In September 2018, an announcement requesting an 8 additional linear motor trainsets was made. CRRC Changchun won the bid in November of the same year. In 2021, the first train was delivered. The new trains have a blue livery was delivered, equipped with wider seats and mobile phone charging sockets.

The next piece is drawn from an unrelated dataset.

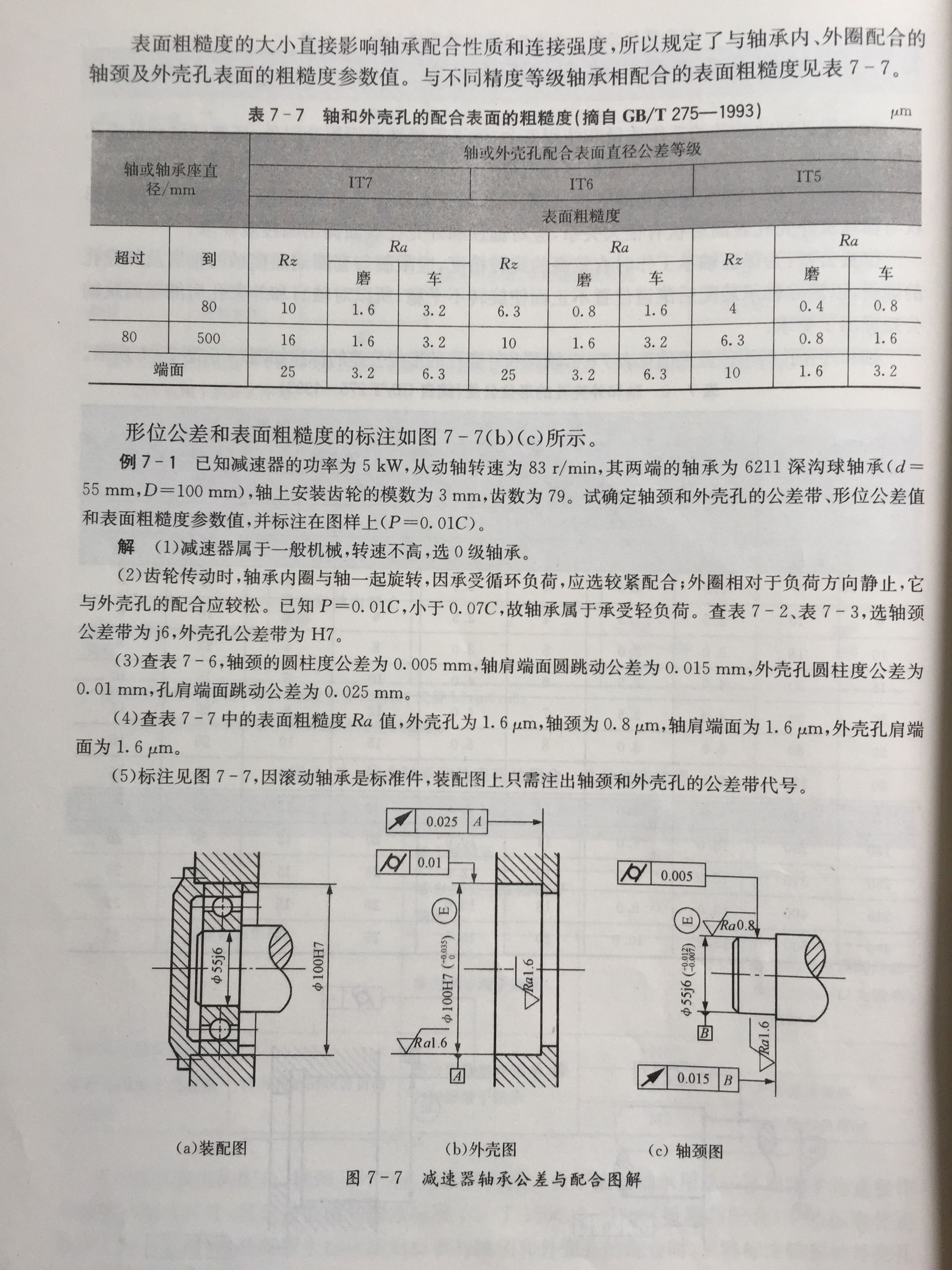 在装配图上标注滚动轴承与轴颈和外壳孔的配合时,只需标注轴颈和外壳孔的公差带代号。表面粗糙度的大小直接影响轴承配合性质和连接强度,所以规定了与轴承内、外圈配合的轴颈及外壳孔表面的粗糙度参数值。

| Model | Image | Manufacturer | Year built | Amount in service | Fleet numbers | Depot |
|---|---|---|---|---|---|---|
| QKZ5 |  | CRRC Changchun Railway Vehicles Bombardier Transportation | 2007 | 10 (2007) | L1 101–L1 110 (2007) | Tianzhu |
| CCD3004 |  | CRRC Changchun Railway Vehicles | 2021 | 5 (2022) | L1 111–L1 115 (2021) | Tianzhu |

== Future development ==
===Infill station===
Reserved space for an infill station at , where the Capital Airport Express intersects with Line 14, is also part of long-term plans.

===Others===
In the short term, there is little scope to increase the Capital Airport Express's capacity. The 4-car train sets used on the line have significantly lower capacity than those on other Beijing Subway lines, which operate 6-car or 8-car train sets. Also, the Capital Airport Express track design requires trains from Terminal 3 to first travel to Terminal 2 before returning to the city. If trains were able to return directly from Terminal 3 to the city the capacity on the route could be increased.